Shortly after hearing that her father is dead, and the manner in which he died, however, Eleanor’s hysteria transforms itself from the “terrible bursts of grief – grief that was loud and passionate in proportion to the impulsive vehemence of Eleanor Vane’s character” (I, 113), into a rigid obsession with revenge:
“Tell me the truth,” she cried vehemently, “did my father kill himself?” “
It is feared that he did, Eleanor.”
The pale face grew a shade white, and the trembling frame became suddenly rigid. […]
“Sooner or later [says Eleanor] I swear to be revenged upon [Launcelot] for my father’s cruel death.”
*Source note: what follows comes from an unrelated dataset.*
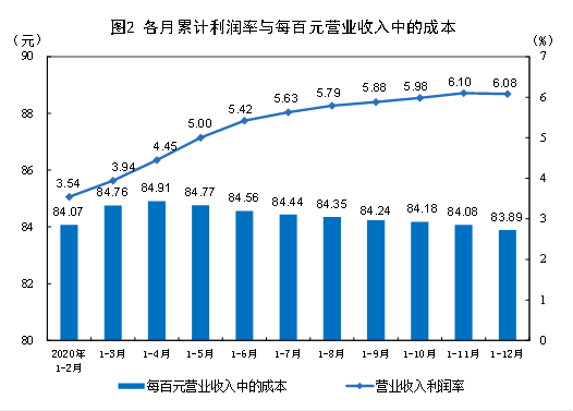 2020年,规模以上工业企业每百元营业收入中的成本为83.89元,比上年减少0.11元;每百元营业收入中的费用为9.17元,比上年增加0.14元。

“Eleanor, Eleanor!” cried the Signora: “is this womanly? Is this Christian-like?”
The girl turned upon her. There was almost a supernatural light, now, in the dilated grey eyes. […] She looked, in her desperate resolution and virginal beauty, like some young martyr in the middle ages waiting to be led to the rack.
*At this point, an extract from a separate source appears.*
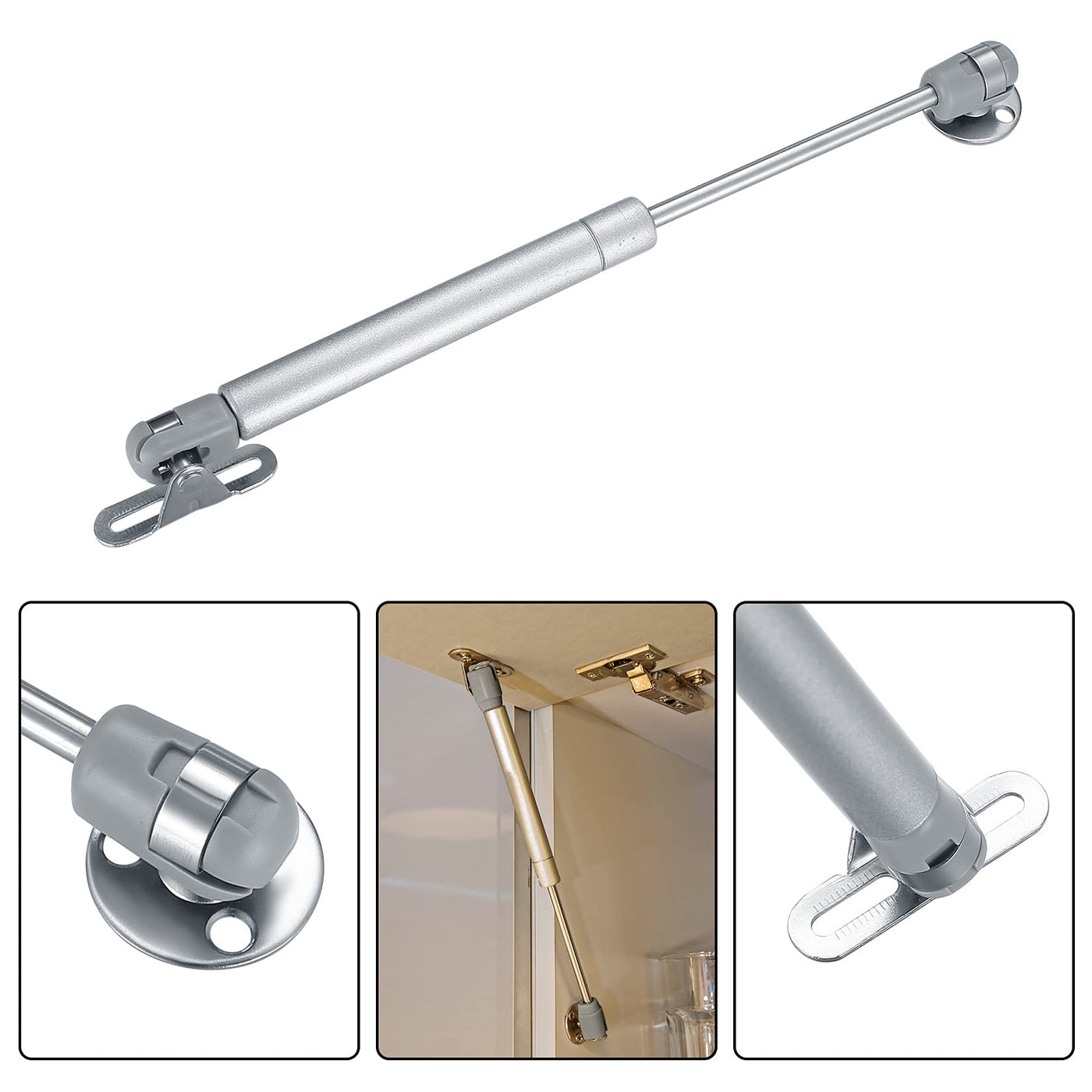 Features: - The gas struts for cabinets are made of thickened precision steel, with high pressure resistance, not easy to deform, durable for long time use.

“I don’t know whether it is womanly or Christian-like,” she said, “but I know that it is henceforward the purpose of my life, and that it is stronger than myself.” (Braddon Eleanor’s Victory, I, 117, 123)
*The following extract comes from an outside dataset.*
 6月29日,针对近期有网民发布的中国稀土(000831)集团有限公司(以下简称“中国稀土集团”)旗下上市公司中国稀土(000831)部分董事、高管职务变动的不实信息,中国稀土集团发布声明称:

Eleanor’s mental condition here demonstrates all the monomaniacal and excessive characteristics of the mid-nineteenth century’s medical descriptions of hysteria. Her uncontrollable sobbing, choking sensations and trembling continue throughout the novel but are henceforth combined, and not unrelated to, a “desperate resolution” that is “stronger,” as Eleanor admits, “than myself.” Lyn Pykett (84) has observed how, “it is Eleanor’s own deliberate concealments which sustain – and provide the necessary complications for – the narrative trajectory.” Indeed, following the murderous exploits of Lady Audley and the passions of Aurora Floyd, Braddon’s readers would scarcely have been satisfied with the story of a heroine whose actions remain within the realms of rationality or the usual round of dull, domestic duties. Expanding on Pykett’s argument, I argue that the rendering of Eleanor Vane as hysterical, or – perhaps more accurately – hysteromaniacal, equips Braddon with the melodramatic means to drive her novel onward at a feverish pace and to develop her hallmark sensational style. It is unlikely to be coincidental, therefore, that the key scenes in Eleanor’s revenge scheme are also her most hysterical. In one such episode, she and her confidant, Richard Thornton, scour through the sketchbook of Launcelot Darrell for clues of his instrumentality in the death of George Vane. Richard, himself an artist, believes that “whatever falsehoods [Launcelot] may impose upon his fellow-men, his sketch-book will tell the truth” (II, 35). He is not mistaken as the search uncovers a sketch of the card game in which George lost the money for his daughter’s education. The discovery triggers the following reaction from Eleanor:
Eleanor stood behind [Richard], erect and statuesque, with her hand grasping the back of his chair, a pale Nemesis bent on revenge and destruction. […] Looking round at the pale young face, Richard saw how terrible was the struggle in the girl’s breast, and how likely she was at any moment to betray herself.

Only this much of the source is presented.